Convex functions

Suppose \(x∈Ω\) satisfies

\(\hspace{4cm}∇f(x)^{T}(y-x)≥0,∀y∈Ω\)........................\((8)\).

By the first order characterization of convexity, we have

\(\hspace{3,5cm}f(y)≥f(x)+∇f^{T}(x)(y-x),∀y∈Ω.\).................\((9)\)

Then \((8)\)+\((9)\) \(⇒ f(y)≥f(x),∀y∈Ω⇒ x \) is optimal.

Suppose x is optimal but for some \( y∈Ω\) we had \(∇f^{T}(x)(y-x)<0\)
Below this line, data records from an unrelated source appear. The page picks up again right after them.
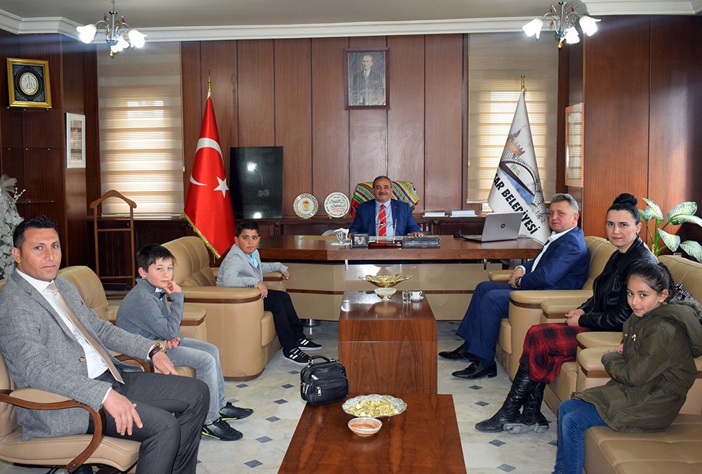 Karamehmet İlkokulu Müdürü Mehmet Akif Topaloğlu, Öğretmen Burcu Terzioğlu, öğrenciler Asya Gökmen ve Umut Öztürk’ün eşlik ettiği temsili başkan Mustafa Kaan Demirel, Başkanlık makamına oturunca öncelikle temizlik seferberliği başlatılmasını ev ve işyerinin etrafını temizleyene çiçek ile fidan hediye edilmesini söyledi. Karamehmet İlkokuluna kütüphane kurulması, okul bahçesine çeşme, toprak olan okul yolunun parke ile kaplanması ve mahallelere oyun parkları yapılması talimatını verdi. Eğitime ve okullara verdiği destek için Başkan Şahin’e teşekkür ederek, belediye çalışmaları hakkında bilgi aldı. Belediye Başkanımız Ahmet Şahin, ziyaretten duyduğu memnuniyeti dile getirerek çocukların bayramını kutladı. İscehisar Belediyesi olarak eğitime her konuda desteğe hazır olduklarını dile getirerek, öğrencilere hediye verdi.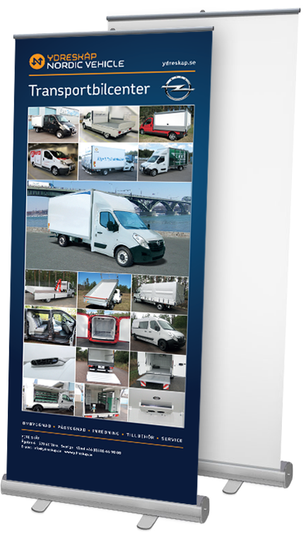 Har du ett färdigt budskap paketerat i en digital fil är steget kort för att få upp det på en rollup. Följ länken här för att ladda upp din fil och beställ direkt. Leveranstid från 3 arbetsdagar.
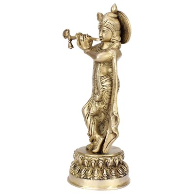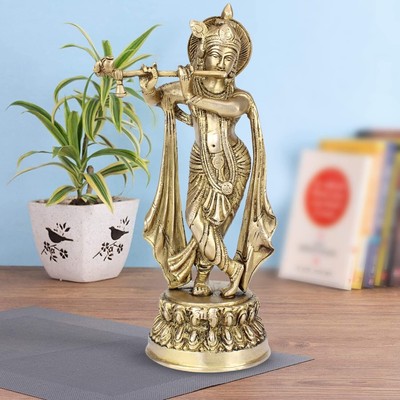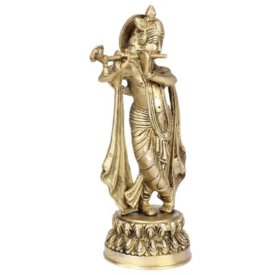Brass Krishna Idol Statue Playing Flute for Puja Mandir Krishna Murti Sculpture

Consider \(g(α):=f(x+(α(y-x)))\). Because \(Ω\) is convex, \(∀α∈[0,1],x+α(y-x)∈Ω.\) Observe that

\(\hspace{1cm}g′(α) = (y-x)^{T}∇f(x+α(y-x))⇒ g′(0)=(y-x)^{T}∇f(x)<0.\)

This implies that

\(\hspace{1cm}∃δ > 0,s.t.g(α)<g(0),∀α∈(0,δ)⇒ f(x+α(y-x))<f(x),∀α∈(0,δ)\)

But this contradicts the optimality of \(x\).